- Given data -
##########
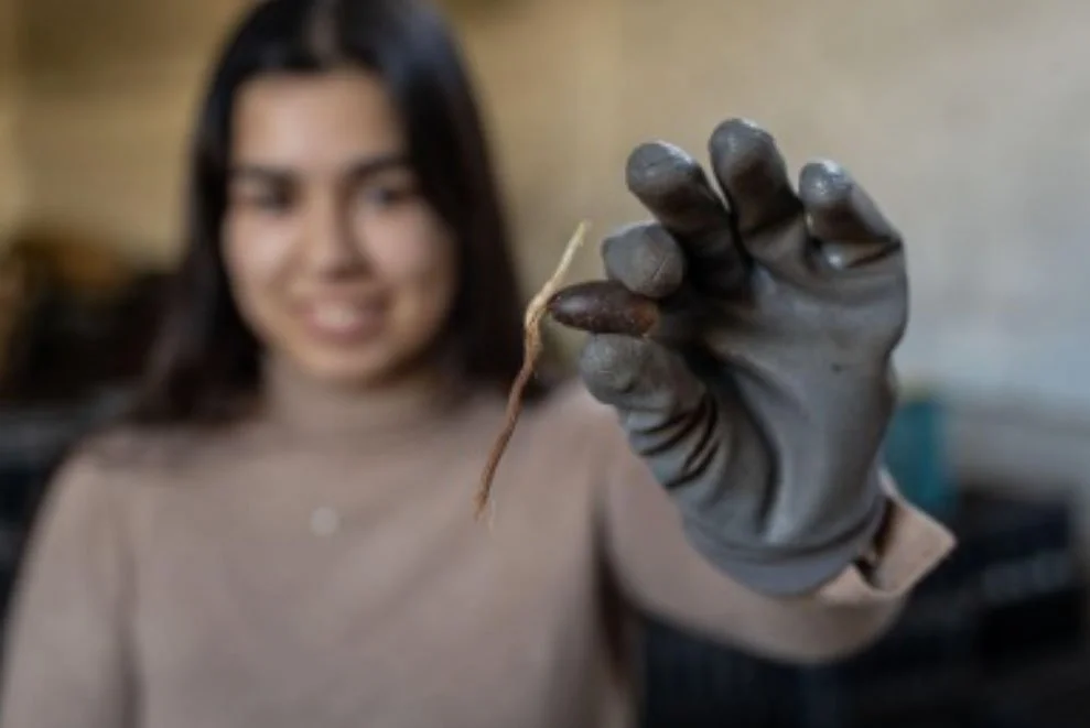 • A man with dark, wavy hair and a beard, wearing a white lab coat, is working on a sculpture in a workshop with various art tools and sculptures around him.
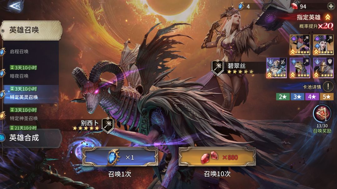 英灵召唤池为200抽保底,在获取五星英雄时有20倍的概率获得别西卜或碧翠丝。
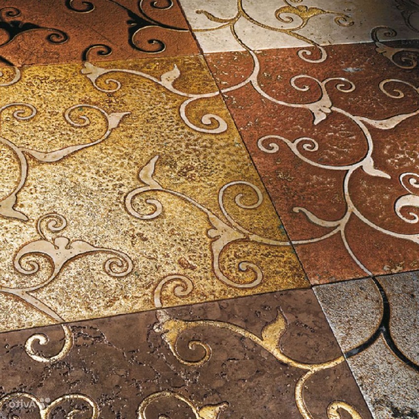 - jubin frieze atau border adalah elemen lain yang digunakan untuk hiasan. Merupakan elemen segi empat kecil yang dibentangkan dengan sempadan di bahagian atas atau bawah apron. Walaupun kadangkala jalur seperti itu diletakkan di tengah-tengahnya.
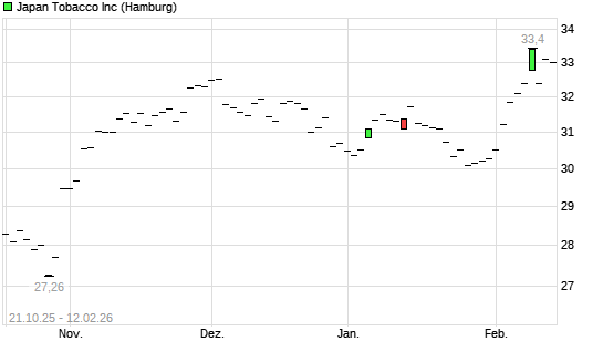 Mit dem Anstieg auf 33,34 EUR hat die Japan Tobacco-Aktie (ISIN JP3726800000) am 11.02.2026 ein neues 5-Jahres-Hoch erreicht und damit den Kurs vom 09.02.2026 eingestellt.Die ...weiterlesen
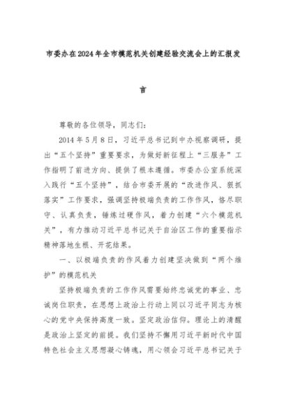 【七哥公文】2024年:市委办在2024年全市模范机关创建经验交流会上的汇报发言+更多免费公文+VX:QiGeGongWen2024
##########
- Work order -
Copy every record exactly, but skip the pictures.

- The completed task -
 • A man with dark, wavy hair and a beard, wearing a white lab coat, is working on a sculpture in a workshop with various art tools and sculptures around him.
 英灵召唤池为200抽保底,在获取五星英雄时有20倍的概率获得别西卜或碧翠丝。
 - jubin frieze atau border adalah elemen lain yang digunakan untuk hiasan. Merupakan elemen segi empat kecil yang dibentangkan dengan sempadan di bahagian atas atau bawah apron. Walaupun kadangkala jalur seperti itu diletakkan di tengah-tengahnya.
 Mit dem Anstieg auf 33,34 EUR hat die Japan Tobacco-Aktie (ISIN JP3726800000) am 11.02.2026 ein neues 5-Jahres-Hoch erreicht und damit den Kurs vom 09.02.2026 eingestellt.Die ...weiterlesen
 【七哥公文】2024年:市委办在2024年全市模范机关创建经验交流会上的汇报发言+更多免费公文+VX:QiGeGongWen2024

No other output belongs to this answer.